Why fork Parsec instead of writing a new library

There are many parsing libraries on Hackage; Parsec was one of the first to appear, and it’s still the one that is recommended to beginners when they ask about doing parsing in Haskell. Most other libraries aren’t exactly trying to compete with Parsec – instead they explore new directions.

Like it or not, it remains a fact that a lot of people are being recommended Parsec, a lot of people are using Parsec, and a lot of people will probably continue to use Parsec since there’s no clear alternative to it. Writing a new and different library probably won’t change it. Even new and similar libraries (trifecta and attoparsec are similar enough) haven’t removed the need for Parsec, only mitigated it somewhat. Perhaps one day trifecta or something else will completely replace Parsec, but right now we still have to put up with Parsec. So, what we need (or at least what would be nice to have) is simply a better Parsec.

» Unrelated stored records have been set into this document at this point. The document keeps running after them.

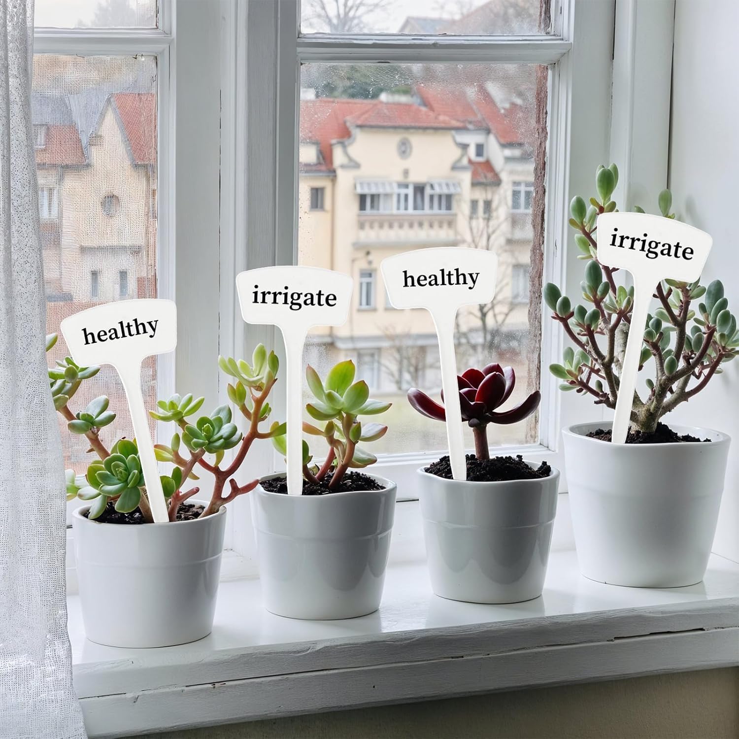 - T-type Design: The plastic plant labels have a pointed end, making it simple to insert them into the soil or potting mix. They securely stand upright, providing a clear display of plant information. When it's time to update or change your labels, simply wipe off the previous writing with a damp cloth and rewrite as needed.
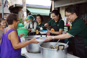 สำหรับกิจกรรมในครั้งนี้ นายทวิช ทัฬหะกาญจนากุล ผู้อำนวยการโลจิสติกส์และศูนย์กระจายสินค้า บริษัท ซีพีเอฟ โกลบอล ฟู้ด โซลูชั่น จำกัด (มหาชน) หรือ CPFGS เป็นหนึ่งในผู้นำด้านการจัดจำหน่ายผลิตภัณฑ์เนื้อสัตว์และอาหาร กิจการร้านอาหารและธุรกิจขนมสัตว์เลี้ยง ซึ่งเป็นบริษัทย่อยของซีพีเอฟ นำวัตถุดิบที่มาจากการบริหารจัดการอาหารส่วนเกิน ซึ่งเป็นวัตถุดิบที่มีคุณภาพ สด สะอาดปลอดภัย สู่การปรุงเป็นมื้ออร่อยตามหลักโภชนาการ อาทิ ขาเป็ด เนื้อเป็ดหมักสวรรค์พร้อมปรุง เนื้อเลาะโครงอก และคั่วกลิ้งไก่ นำมาปรุงอาหารเป็นเมนูต่างๆ เช่น ขาเป็ดพะโล้ ผัดกะเพรา เพื่อแจกจ่ายให้กับผู้ที่อาศัยในชุมชนคลองลัดภาชี และนำวัตถุดิบแจกจ่ายให้ชุมชนใกล้เคียง ได้แก่ ชุมชนคลองตาแป้น ชุมชนซอยเพชรเกษม 40 ชุมชนสิรินทร์และเพื่อน ชุมชนหมู่ 5 บางแวก ชุมชนเพชรเกษม 46 ชุมชนวัดโคนอน โดยมีจิตอาสาซีพีเอฟ เจ้าหน้าที่มูลนิธิ SOS สาขาประเทศไทย และผู้บริหาร บริษัท จีอีพีพี สะอาด จำกัด (GEPP)
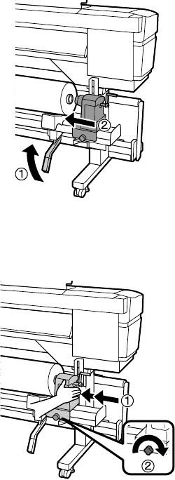 Pull up the roll holder lever, slide the roll holder into the media roll.
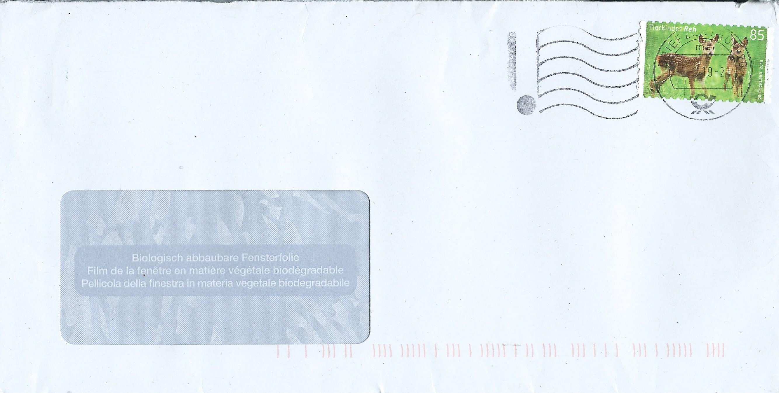 ein weiterer Briefausschnitt mit dem Schraubenkopf mitten im Werbestempel habe ich von einer Freundin erhalten können. Dieses Stück wurde ebenfalls im Briefzentrum 20 am 12.3.19 gestempelt:
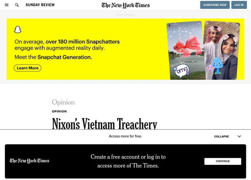 [Free Registration/Login Required] This article describes how Richard Nixon jeopardized Lyndon B. Johnson's Vietnam peace initiative in 1968 in order to win the presidential election that year. This information is based on documents...
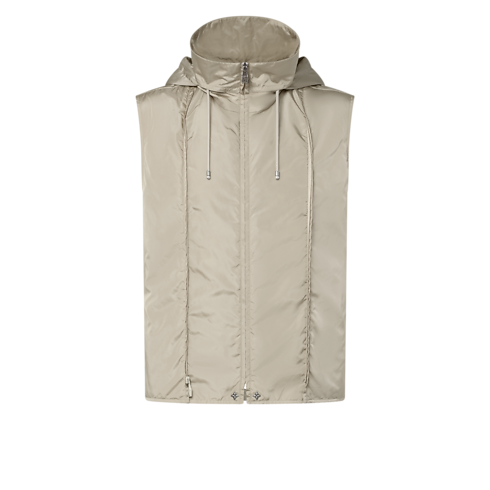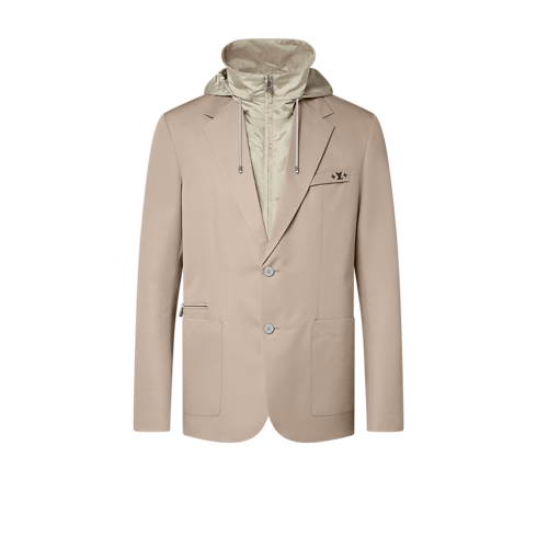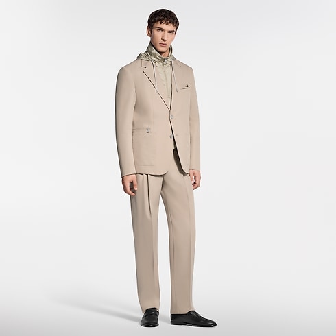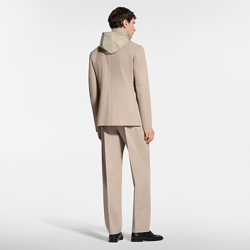 This 3-in-1 single-breasted jacket is tailored from water-repellent wool-cotton twill and is layered over a removable technical gilet with a packable hood. A zippered chest pocket with a metal LV ornament and a zippered ticket pocket add a practical touch. Crafted in timeless beige, it pairs with matching pants for a modern business look.
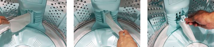洗い・すすぎ時の洗濯槽と外槽の間にある水と、脱水時の遠心力により洗濯槽裏側に付着する洗剤カスを洗い流す“お掃除機能”を搭載。洗濯槽の黒カビ抑制に役立つ。キレイな洗浄のためには、槽の清潔さも大切だ。
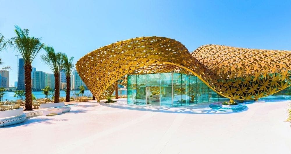 The island is spread over an area of 45,000 square meters, and it is made to look like a peaceful oasis with gardens, sculptures, and modern installations. The Butterfly House is its main attraction and is a tropical ecosystem containing hundreds of species of butterflies that fly in a climate-controlled glass dome, one of the most fascinating views in the Emirates.
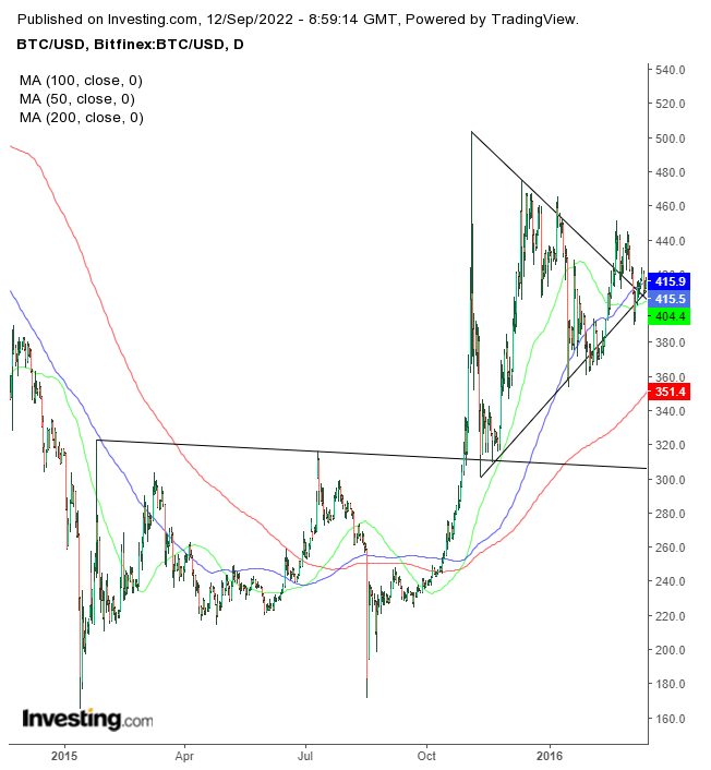 In 2016, Bitcoin's bottom set the stage for a large symmetrical triangle, followed by a steady upward trend.

What’s wrong with original Parsec

Parsec’s development has stagnated long ago; you’d have a hard time getting your pull request merged, even if the only thing it does is fixing a typo (I’m not even talking about anything more controversial than that). Parsec isn’t perfect or bug-free, and there is a need for those pull requests – just look at its Github page, where you’ll find 8 unmerged PRs (and 9 open issues): https://github.com/aslatter/parsec.

In addition to things that could be fixed but simply aren’t, there are some inconveniences (and bugs!) that are hard to fix without breaking backwards compatibility:

In short, there may be a lot of value in improving Parsec – and that’s where Megaparsec comes in.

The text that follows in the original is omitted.